From the first line to the last, copy the material exactly and leave the pictures out.
-- Data segment follows --
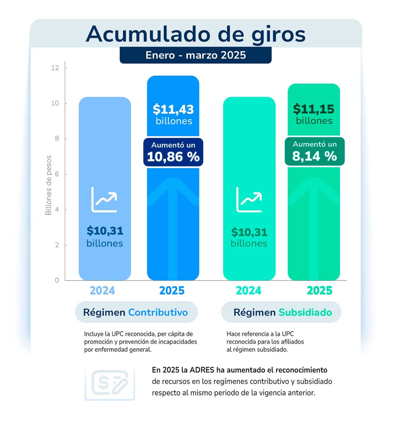 En el primer trimestre de 2025 el giro para clínicas y hospitales del país llegó a $15,3 billones, con un aumento del 134 % respecto al mismo periodo de 2024, cuando se giraron $6,5 billones.
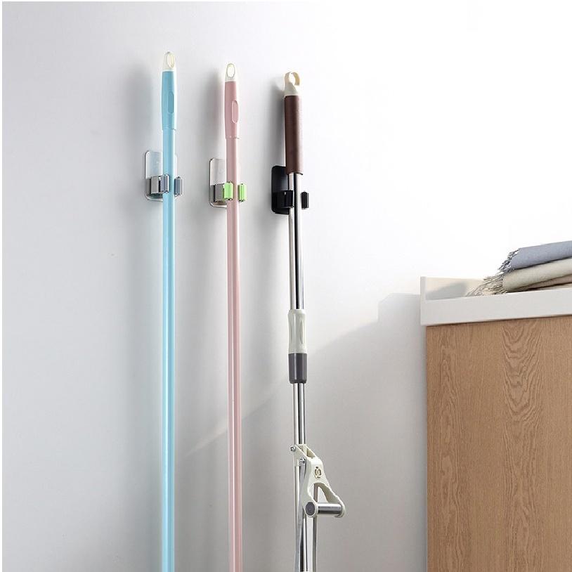 - Kẹp giữ cây lau nhà không cần phải khoan tường gắn đinh, dán móc bằng keo 2 mặt, khả năng chịu lực tốt đến 6 kg.
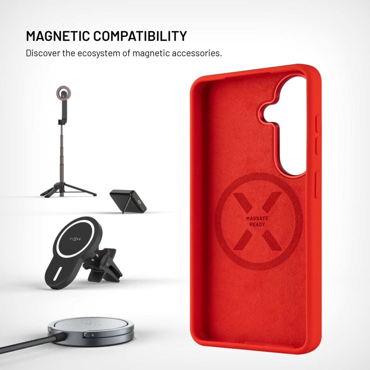 Fixed MagFlow kryt s podporou MagSafe pre Samsung Galaxy S26, červený
-- Data segment concluded --
* Exercise output:
 En el primer trimestre de 2025 el giro para clínicas y hospitales del país llegó a $15,3 billones, con un aumento del 134 % respecto al mismo periodo de 2024, cuando se giraron $6,5 billones.
 - Kẹp giữ cây lau nhà không cần phải khoan tường gắn đinh, dán móc bằng keo 2 mặt, khả năng chịu lực tốt đến 6 kg.
 Fixed MagFlow kryt s podporou MagSafe pre Samsung Galaxy S26, červený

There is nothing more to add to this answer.